Но никто ему не ответил – разве что оркестр, который разразился очень странными бурными вариациями на основе первых четырех букв его имени (попробуйте сыграть это на пианино, или электрооргане, или эсприелле[91], если они у вас есть. Но если в вашем распоряжении целый оркестр, который весь день напролет бездельничает и играет в карты в винном погребе, дайте им всем по ушам, велите настроить инструменты и исполнить это fff, что значит фортиссимо, что значит очень-очень громко):
Густо усыпанный цветами, Эдгар почти не видел, куда его тащат, но скоро понял, что его под приветственные крики и громыхание оркестра вносят в широкие двери большого прохладного здания и довольно плавно опускают на стул около длинного стола, на котором стояли нижеследующие напитки и яства:
Пирог esto perpetua, очень горячий, с горшочком этцельного[92] крема.

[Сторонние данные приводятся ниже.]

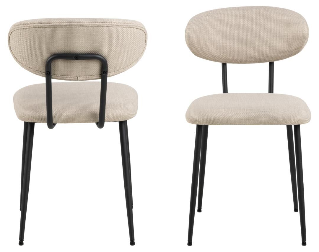 Eetkamerstoel in gestructureerde beige stof (100% polyester) met slanke, matzwarte stalen poten (ruw gepoedercoat) en plastic pootdoppen. Comfortabel en stevig (tot 110 kg), slijtvaste bekleding (Martindale >50.000). Zithoogte 49 cm, zit 43×43 cm. Voeg tijdloze stijl en comfort toe aan je eethoek.
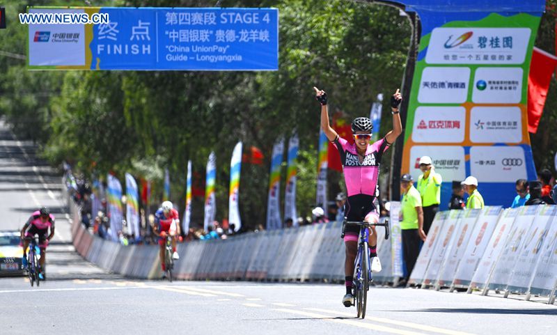 Hernan Ricardo Aguirre from Colombian Manzana Postobon Team (MZN) wins the fourth stage of the Tour of Qinghai Lake in northwest China's Qinghai Province, on July 25, 2018. (Xinhuanet Photo by Yang Shoude)
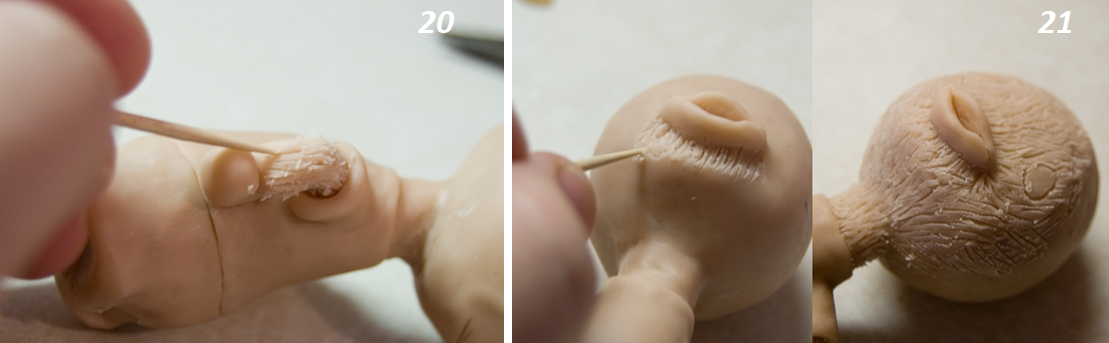 Приступаем к детализации, а именно к прорисовыванию перьев. Возьмите зубочистку или тонкую иглу. Начните с рук. Просто делайте небольшие штрихи, так вы создадите текстуру перьев. Также мы поступаем с лицом. На затылке мы будем делать объемные перья. Но сначала сделайте гребешок как на фото и с помощью проволоки прикрепите к голове.
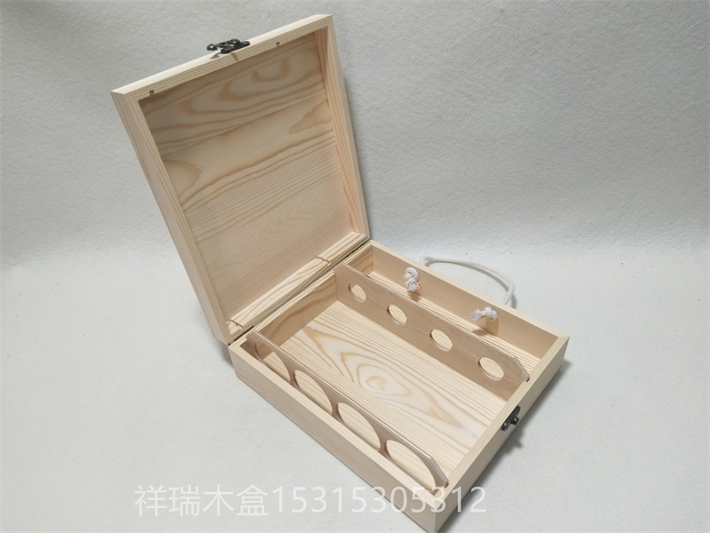 保健酒包裝木禮品盒:高檔保健酒木質包裝盒,木材是松木,酒瓶小瓶裝,設計好,四瓶裝,實木外做透明油漆,里面有內襯酒具,也可以不要。
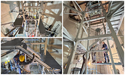 Además, se realizó la adecuación del piso para la colocación de una escalera paralela que acompañará a la estructura del ascensor; que fue previamente armado en fábrica. La estructura del elevador va atornillada, lo que permitirá que sea desinstalada en su totalidad en caso de que sea necesario.
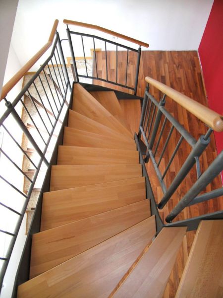 Um zusätzlichen Platz zu schaffen, wird das Dachgeschoss ausgebaut und durch eine neue Stahlwangentreppe erschlossen. Im Dachgeschoss werden Schlafzimmer mit Ankleide und Bad sowie eine Arbeitsecke für die Eltern geschaffen so dass das 1.Obergeschoss mit drei Schlafräumen und Badezimmer komplett für die Kinder reserviert bleibt. In diesem Zuge werden auch die energetischen Aspekte der Sanierung in Angriff genommen, die Fassade des Hauses erhält ein Wärmedämm-Verbundsystem, der Dachstuhl wird mit Zwischensparrendämmung nach Anforderung der ENEV versehen. Die nach Süden zugewandte Dachfläche erhält Solarpaneele zur Warmwasserbereitung.
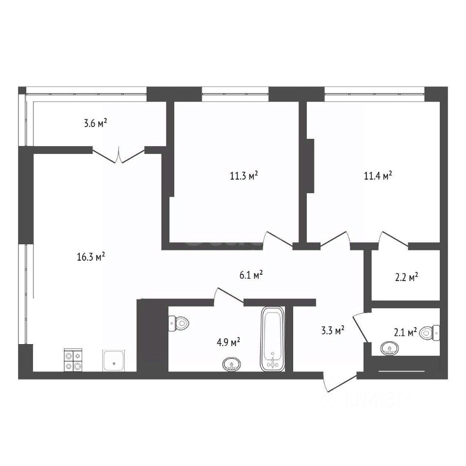 Функциональная планировка: Просторная кухня-гостиная более 16 кв.м. с выходом на лоджию с панорамным остеклением в пол. Две уютные спальни, одна из которых со своей гардеробной. Два санузла для вашего удобства, из второго можно сделать удобную хозяйственно-постирочную комнату.

Фламандский сомпнор[93] с эвфемным картофелем.
Три поющие эвфросины[94] с гарниром из демогоргон и свежей шинкованной капустой.
Кусок говядины по-брейзнозски[95], обвалянной в нежных кусочках кноссов[96].
Тушеные ломти джоселина[97] в соусе из когглсби.
Холодный рисовый пудинг.
Каладболги, очень легкие и воздушные, и тосты по-эскалибурски с небольшими отварными калибурнами и каледвулхами[98].
Большое серебряное блюдо с горой гуибрехтов[99] и эйрбиггий[100], с пылу, с жару.
Чай. Чай «Великая Экспозиция» [101]. Эксетерский чай (иногда называемый Леофрийским листом) [102]. Альфоксденский[103] чай. Чай «Малютка-Домовой». Чай «Ян с ветряной мельницы» [104]. Чай ex pede Herculem[105]. Чай «Испытание философии сэра Вильяма Гамильтона» [106]. Чай «Эвангелин» [107]. Чай «Бриллианты Эстесов» [108]. Чай «Эврика». Чай «Золотое наследство» [109]. Чай.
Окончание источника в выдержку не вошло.